Task requirements: The lines from the one with "Ova košulja za" through the last line of the material below, copied exactly and free of pictures, make up the whole answer.

::::

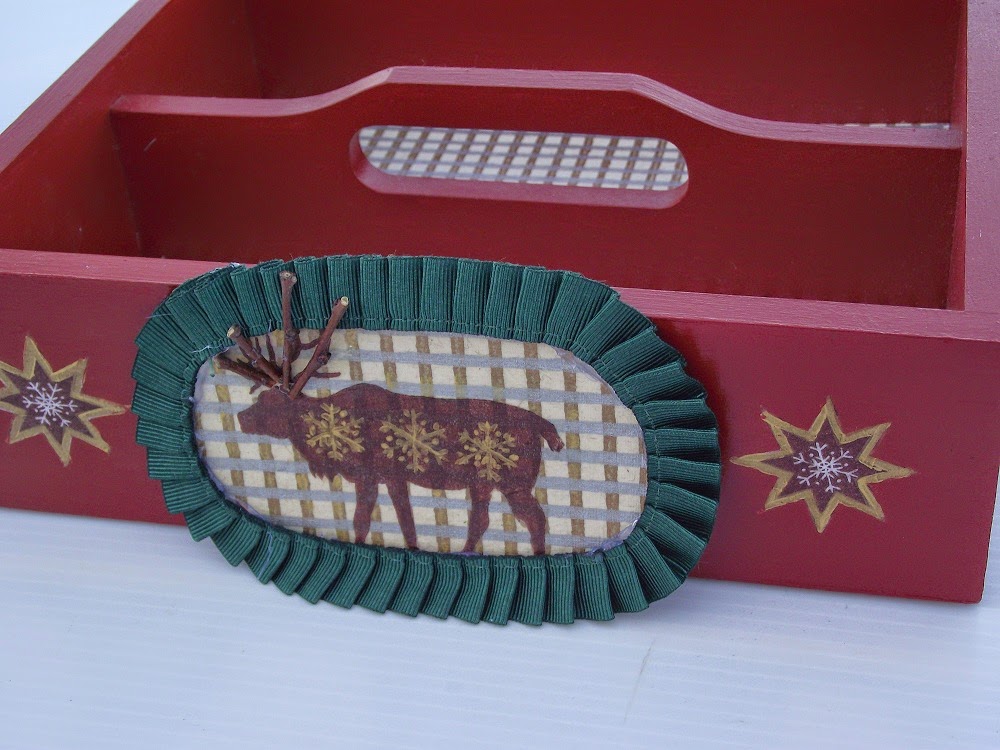 El procedimiento es sencillo: como pensaba pintarlo primero le di una mano de tapaporos y lija suavecita para cerrar el poro de la madera y protegerla de futuras manchas; dos manos de pintura rojo inglés de Hidralux, lijando muy suavemente entre cada una y para finalizar una mano generosa de Alkil. El interior lo he forrado con un papel precioso de Pinacam manualidades y con un resto de ese mismo papel he hecho el óvalo para el reno.
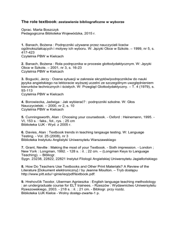 The role textbook: zestawienie bibliograficzne w wyborze Oprac. Marta Boszczyk Pedagogiczna Biblioteka Wojewódzka, 2015 r. 1. Banach, Bożena : Podręczniki używane przez nauczycieli liceów ogólnokształcących i motywy ich wyboru. W: Języki Obce w Szkole. – 1999, nr 5, s. 417-423 Czytelnia PBW w Kielcach 2. Banach, Bożena : Rola podręcznika w procesie glottodydaktycznym. W: Języki Obce w Szkole. – 2001, nr 3, s. 16-23 Czytelnia PBW w Kielcach 3. Bogucki, Jerzy : Ocena sytuacji w zakresie skryptów/podręczników do nauki języka angielskiego na lektoracie wyższej uczelni ze szczególnym uwzględnieniem kierunków technicznych i ścisłych. W: Przegląd Glottodydaktyczny. – T. 4 (1979), s. 93-113 Czytelnia PBW w Kielcach 4. Borowiecka, Jadwiga : Jak wybierać? : podręczniki szkolne. W: Głos Nauczycielski. – 2000, nr 2, s. 10 Czytelnia PBW w Kielcach 5. Cunningsworth, Alan : Choosing your coursebook. - Oxford : Heinemann, 1995. VI, 153 s. : faks., fot., rys. ; 25 cm Biblioteka UJK - Wyd. z 2005 r. 6. Davies, Alan : Textbook trends in teaching langauge testing. W: Language Testing. - Vol. 25 (2008), nr 3 Biblioteka Instytutu Anglistyki Uniwersytetu Warszawskiego 7. Grant, Neville : Making the most of your Textbook. - Sixth impression. - London ; New York : Longman, 1992. - 128 s. : il. ; 22 cm. – (Longman Keys to Language Teaching). – Bibliogr. Sygn. 23238, 22822, 22821 Instytut Filologii Angielskiej Uniwersytetu Jagiellońskiego 8. How Do Teachers Use Textbooks and Other Print Materials? A Review of the Literature [Dokument elektroniczny] / by Jeanne Moulton. – Tryb dostępu http://www.pitt.edu/~ginie/ieq/pdf/textbook.pdf: 9. Hrehovčík Teodor, Uberman Agnieszka : English language teaching methodology : an undergraduate course for ELT trainees. - Rzeszów : Wydawnictwo Uniwersytetu Rzeszowskiego, 2003. - 218 s. : il. ; 21 cm. - Bibliogr. przy rozdz. Biblioteka UJK Kielce - Wolny dostęp-zwarte-1 p. 10. Hutchinson Tom, Torres Eunice : The textbook as agent of change [Dokument elektroniczny]. – Tryb dostępu : http://citeseerx.ist.psu.edu/viewdoc/download?doi=10.1.1.476.1187&rep=rep1&type= pdf 11. Incorporating intercultural communicative competence in language teacher education / Ildikó Lázár [et. al.] ; European Centre for Modern Languages. Strasbourg : Council of Europe Publishing, 2003. - 107 s. : il. ; 24 cm. Zawiera: The views of teachers of English and French on intercultural communicative competence in language teaching / Lucyna Aleksandrowicz-Pędlich [et. al.]; The role of culture in foreign language teaching materials: an evaluation from an intercultural perspective / Liljana Skopinskaja; Introducing Mirrors and windows: an intercultural communication textbook / Ildikó Lázár; Testing times: testing intercultural communicative competance / Raymond Facciol and Rafn Kjartansson. Biblioteka Instytutu Anglistyki Uniwersytetu Warszawskiego 12. Iwan, Piotr : Kryteria analizy jakości dydaktycznej tekstów podręcznikowych. W: Języki Obce w Szkole. – 1998, nr 4, s. 303-308’ Czytelnia PBW w Kielcach 13. Koć, Genowefa : Dydaktyczne problemy podręcznika języków obcych dla lektoratów. W: Przegląd Glottodydaktyczny. – T. 3 (1979), s. 85-102 Czytelnia PBW w Kielcach 14. Kuczyński, Marek : Wygląd, osobowość i duchowość w dydaktyce języków obcych. W: Edukacja Humanistyczna. – 2000, nr 2-3, s. 29-41 Czytelnia PBW w Kielcach 15. Nalepa, Maria : Jak wybrać podręcznik. W: Gazeta Szkolna. – 2000, nr 13, s. 3 Czytelnia PBW w Kielcach 16. Niezgoda, Ewa : O podręcznikach i nie tylko podręcznikach do nauki języków obcych. W: Języki Obce w Szkole. – 1990, nr 4, s. 211-216 Czym dysponujemy, co planujemy, do jakich książek poszukujemy autorów. Czytelnia PBW w Kielcach 17. Nunan, David : Language Teaching Methodology : A textbook for teachers. Nev York : Prentice Hall , 1991. - 264, [7] vol ; 23,5cm. – (Prentice Hall International English Language Teaching) Wrocław - Biblioteka Uniwersytecka Lublin - Biblioteka Główna Uniwersytetu Marii Curie-Skłodowskiej Kraków - Biblioteka Jagiellońska i Biblioteka Collegium Medicum Uniwersytetu Jagiellońskiego Warszawa - Biblioteki Uniwersytetu Warszawskiego Białystok - Biblioteka Uniwersytecka Gdańsk - Biblioteka Główna Uniwersytetu Gdańskiego Poznań - Biblioteka Uniwersytecka 18. Nunan, David : Language teaching methodology : a textbook for teachers. New York [etc.] : Phoenix ELT, 1995. - XIV, [2], 264 s. : il. ; 24 cm. – (Teacher Education & Development) Lublin - Biblioteka Główna Uniwersytetu Marii Curie-Skłodowskiej Gdańsk - Biblioteka Główna Uniwersytetu Gdańskiego Poznań - Biblioteka Uniwersytecka 19. Podromou, Luke : The great ELT textbook debate: the teacher not the textbook. W: Modern English Teacher . - Vol. 11 (2002), nr 4 Biblioteka Instytutu Anglistyki Uniwersytetu Warszawskiego 20. Parizet, Marie-Louise : Analiza i ocena podręczników do nauki języków obcych. W: Języki Obce w Szkole. – 1992, nr 1, s. 36-37 Sześć kryteriów służących do oceny podręczników. Czytelnia PBW w Kielcach 21. Reforma w nauce języka obcego : nowe programy i podręczniki / Hanna Komorowska (red.) ; Instytut Badań Edukacyjnych. - Warszawa : IBE, 2003. - 227 s. : wykr. ; 21 cm Biblioteka UJK 22. Richards, Jack C. : Approaches and methods in language teaching / Jack C. Richards and Theodore S. Rodgers. - 3rd ed., 6th print. - Cambridge : Cambridge University Press, 2015. - 410 s. : il. ; 25 cm Dostęp online: https://books.google.pl/books?id=gibu9KpIUugC&pg=PA44&dq=the+role+textbook+i n+teaching&hl=pl&sa=X&ved=0CGAQ6AEwCWoVChMIkJrvg637xwIVwlgUCh04Nw M_#v=onepage&q=the%20role%20textbook%20in%20teaching&f=false 23. Richards, Jack C. : Beyond training : perspectives on language teacher education / Jack C. Richards. - Cambridge : Cambridge University Press, 1998. – XVI, 208 s. ; 23 cm. – (Cambridge Language Teaching Library) Dostęp online: https://books.google.pl/books?id=luNE6
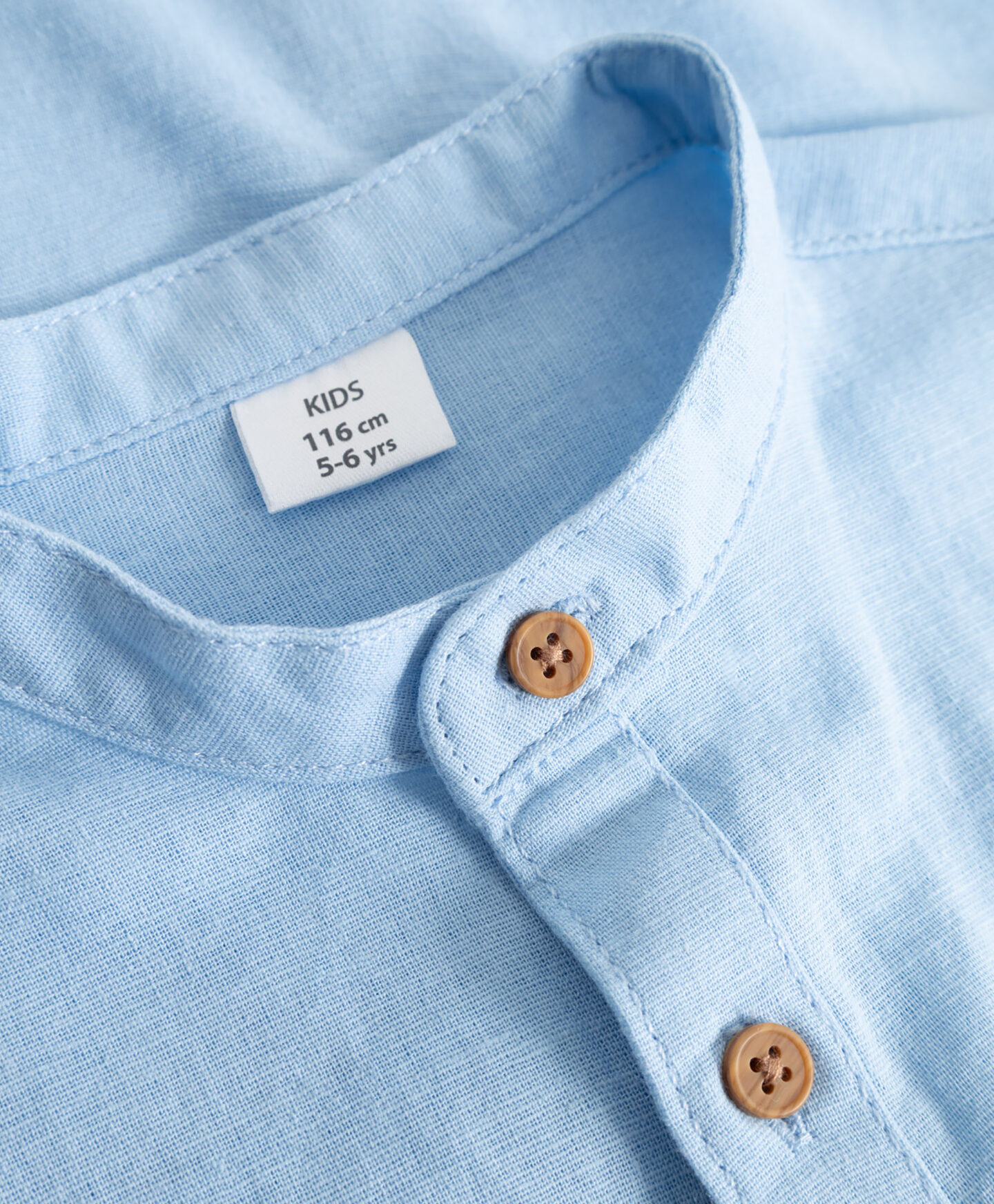 Ova košulja za dečake u svetloj teksas nijansi savršen je izbor za porodična okupljanja. Dodatak lana obezbeđuje prozračnost i prijatan osećaj tokom nošenja. Braon dugmići i mala kragna u kontrastu sa plavom bojom daju košulji formalniji i moderan izgled. Praktična dugmad na rukavima omogućavaju lako zavrtanje i zakopčavanje, čime se stil može prilagoditi ležernijim kombinacijama.
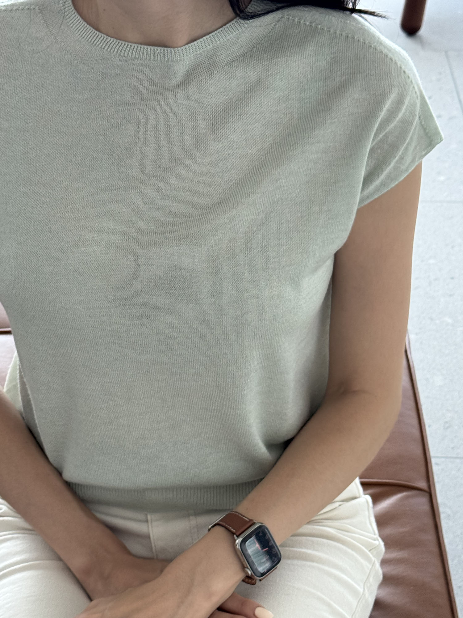 시즌 상관없이 유행스럽지 않은 미니멀한 디자인의 풀오버로 슬리브리스가 부담스러운 분들,
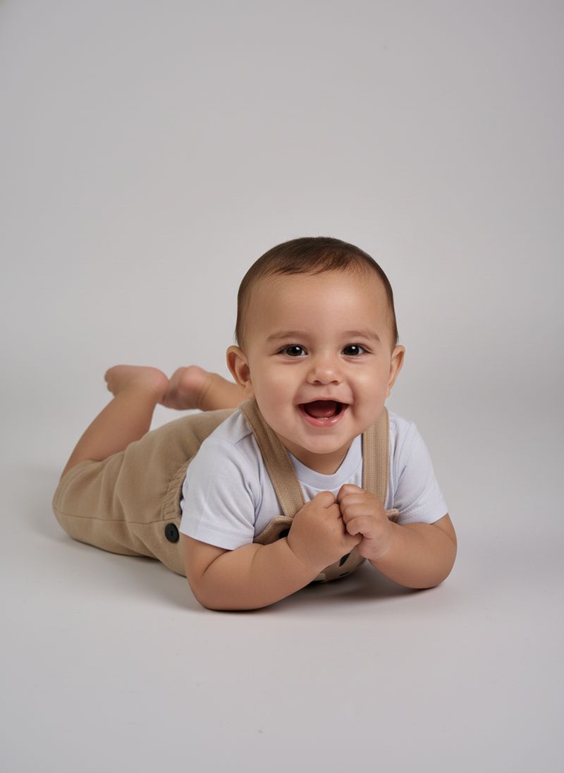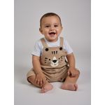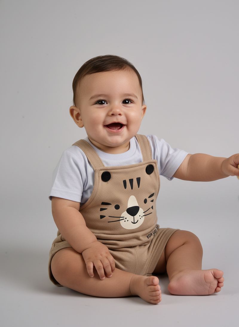 A Jardineira Bebê Tigre Fofo Bege Claro Caedu é a roupa infantil ideal. Confeccionada em 100% algodão e meia malha, oferece conforto e liberdade. Seu design com estampa de tigre fofo e cor bege claro garante um visual adorável e estilo para as aventuras do seu pequeno.

::::

Solution below:
 Ova košulja za dečake u svetloj teksas nijansi savršen je izbor za porodična okupljanja. Dodatak lana obezbeđuje prozračnost i prijatan osećaj tokom nošenja. Braon dugmići i mala kragna u kontrastu sa plavom bojom daju košulji formalniji i moderan izgled. Praktična dugmad na rukavima omogućavaju lako zavrtanje i zakopčavanje, čime se stil može prilagoditi ležernijim kombinacijama.
 시즌 상관없이 유행스럽지 않은 미니멀한 디자인의 풀오버로 슬리브리스가 부담스러운 분들,
 A Jardineira Bebê Tigre Fofo Bege Claro Caedu é a roupa infantil ideal. Confeccionada em 100% algodão e meia malha, oferece conforto e liberdade. Seu design com estampa de tigre fofo e cor bege claro garante um visual adorável e estilo para as aventuras do seu pequeno.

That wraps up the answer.